#### DATASET EXTRACT
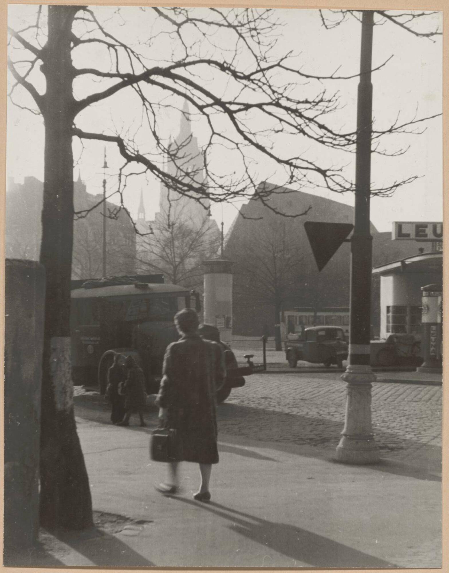 In Dominikanerplatz umbenannter Börneplatz in den 1940er Jahren mit Blick auf die Dominikanerkirche. Rechts im Bild ist eine Tankstelle zu sehen. Während der NS-Zeit wurde der Börneplatz in Dominikanerplatz umbenannt. Nach dem Krieg wurde der Platz zu einem belebten Verkehrsknotenpunkt, wenig erinnerte in dieser Zeit an die jüdische Geschichte dieses Ortes. Erst 1978 erhielt der Platz seinen ursprünglichen Namen zurück.
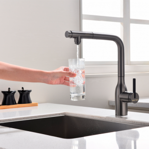 Модель оснащена выдвижным поворотным изливом, который значительно расширяет рабочую зону над раковиной — идеально подходит для мытья крупной посуды, фруктов, овощей и ухода за кухонной зоной. Дополнительная функция — возможность подключения системы фильтрации питьевой воды — делает использование смесителя еще более практичным и безопасным.
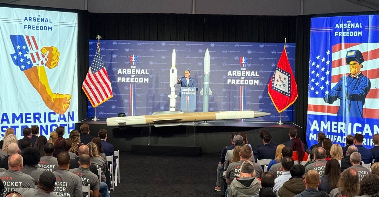 “The technology that you build for our missiles, interceptors, and hypersonic weapons is what allows the War Department to achieve peace through strength,” Hegseth said. “And that mission comes with a non-negotiable mandate from the War Department, straight from the Resolute Desk and President [Donald] Trump: Build more and build faster.”
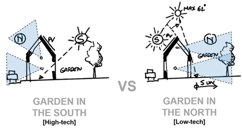 C'est pourquoi on dit que le sud est Hi-Tech : il nécessite plus d'accessoires et de technologie pour éviter l'éblouissement et la surchauffe. Le nord, en revanche, n'a pas besoin de cela et est donc considéré comme "Low-Tech".
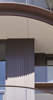 Ook de materialisering van One Baelskaai verwijst naar het omringende duinlandschap. De geprofileerde, verticale Linarte gevelbekleding van Renson evoceert het beeld van de duinen. Alhoewel Linarte de mogelijkheid tot eindeloze personalisatie biedt met toevoeging van houten of led inserts, koos de architect hier voor de pure en strakke look. “Het inzetten van Linarte werd niet zomaar op één dag beslist. De werf zat in ruwbouw al op niveau +3 toen het Renson product ‘in the picture’ kwam. Wij als architect hadden wel al gezegd dat wij een verticaal geprofileerde gevel wilden die knipoogde naar het duingras en de houten paaltjes met ijzerdraad die de duinen afbakenen. Die subtiele verticale verwijzing in onze gevel contrasteert mooi met de horizontaal glooiende terrasboorden. Welk materiaal dat precies moest worden, daar waren wij en Versluys niet meteen uit. Aluminium was wel al van in het begin een optie maar we keken ook naar andere materialen.”

#### ACTION ITEM
In your reply, please print exactly the lines from the one with "C'est pourquoi on" through the final line of the listing above, both included, and no pictures.

#### RESPONSE TO THE TASK
 C'est pourquoi on dit que le sud est Hi-Tech : il nécessite plus d'accessoires et de technologie pour éviter l'éblouissement et la surchauffe. Le nord, en revanche, n'a pas besoin de cela et est donc considéré comme "Low-Tech".
 Ook de materialisering van One Baelskaai verwijst naar het omringende duinlandschap. De geprofileerde, verticale Linarte gevelbekleding van Renson evoceert het beeld van de duinen. Alhoewel Linarte de mogelijkheid tot eindeloze personalisatie biedt met toevoeging van houten of led inserts, koos de architect hier voor de pure en strakke look. “Het inzetten van Linarte werd niet zomaar op één dag beslist. De werf zat in ruwbouw al op niveau +3 toen het Renson product ‘in the picture’ kwam. Wij als architect hadden wel al gezegd dat wij een verticaal geprofileerde gevel wilden die knipoogde naar het duingras en de houten paaltjes met ijzerdraad die de duinen afbakenen. Die subtiele verticale verwijzing in onze gevel contrasteert mooi met de horizontaal glooiende terrasboorden. Welk materiaal dat precies moest worden, daar waren wij en Versluys niet meteen uit. Aluminium was wel al van in het begin een optie maar we keken ook naar andere materialen.”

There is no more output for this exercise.